The present invention relates to a mechanism for migrating data (record) contents from one recording medium to another over generations in a readable manner, and providing the data contents from a current recording medium.
Data stored in a storage device is required to be readable in long-term archiving over ten years or longer. An example of a typical tape drive for archiving data includes a Linear Tape-Open (LTO) tape drive, the IBM enterprise tape drive TS1130, and the like. Further, even after hardware such as a recording medium or a device for storing data is changed to a new one, the stored data needs to he readable from a current medium by being migrated to the current medium.
Migration between recording media is an unavoidable problem in archiving data in a storage system. The migration can roughly be divided into two categories. One is migration explicitly performed by an application having recorded data in the storage system. In the migration explicitly performed by an application having recorded data in a storage system, a server on which the application operates bears a large load. The other category is migration (serverless migration) performed irrespective of an application having recorded data in the storage system. The serverless migration is preferable in that the data recording application does not require a migration function and load on the server can be distributed.
Steps 1 to 3 below show a basic flow of the serverless migration:                1. An application X (a general application using a storage system) stores data in a recording medium A.        2. An application Y (an application dedicatedly performing migration) monitors states (a use period, a frequency of a recoverable error, and the like) of the recording medium A. When determining that the life of the recording medium A will reach an end of its lifespan soon, the application Y migrates data stored in the recording medium A to a recording medium B and then discards the recording medium A. The application Y stores correspondence (recording media migration information) between the recording media A and B in a database (DB) or the like.        3. When the application X requests access to the recording medium A, virtualization is performed to allow the application X to access the desired information in the recording medium B on the basis of recording media migration information stored in the DB, or the like, in Step 2. The migration is naturally performed multiple times depending on the storage periods of data in the recording media.        

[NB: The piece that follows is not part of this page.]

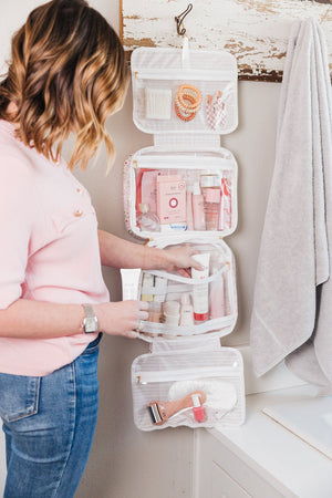 Unfold the makeup bag with compartments to reveal four spacious zipper compartments and elastic loops that hold everything in place from makeup brushes to full-size toiletries. The travel organizer has a durable, wipe-clean finish to ensures it stays fresh and travel-ready, while the hanging design makes it easy to use in hotel bathrooms, gyms, or at home.

In a migration process in long-term archiving, the data stored by the application X migrates from recording media A to D through media B and C. Recording media before and after migration do not necessarily have a one-to-one relationship. Data stored in multiple first-generation recording media may be migrated to a single next- or current-generation recording medium. In addition, data stored in a single recording medium may be divided and recorded in multiple recording media or recorded in multiple recording media in an overlapping manner.
One of problems of the present serverless migration is that recording media migration information stored in a DB or the like might be lost. In such a case, even though target data is present in the recording medium B, there is no way to know that the data that has been recorded in the recording medium A by the application X is already migrated to the recording medium B. The problem is that the application X consequently cannot access the target data.
For example, Japanese Patent Application Publication No. 2002-216458 describes a mechanism in which disk management information is stored in a recording medium, and the recording medium is managed based on the management information. The mechanism described in Japanese Patent Application Publication No. 2002-216458, however, provides no description of any mechanism for holding and utilizing meta information in data migration. When a database including migration information is lost in a conventional system environment in which data is read from an archive medium, it is laborious to rebuild the archive data readable environment.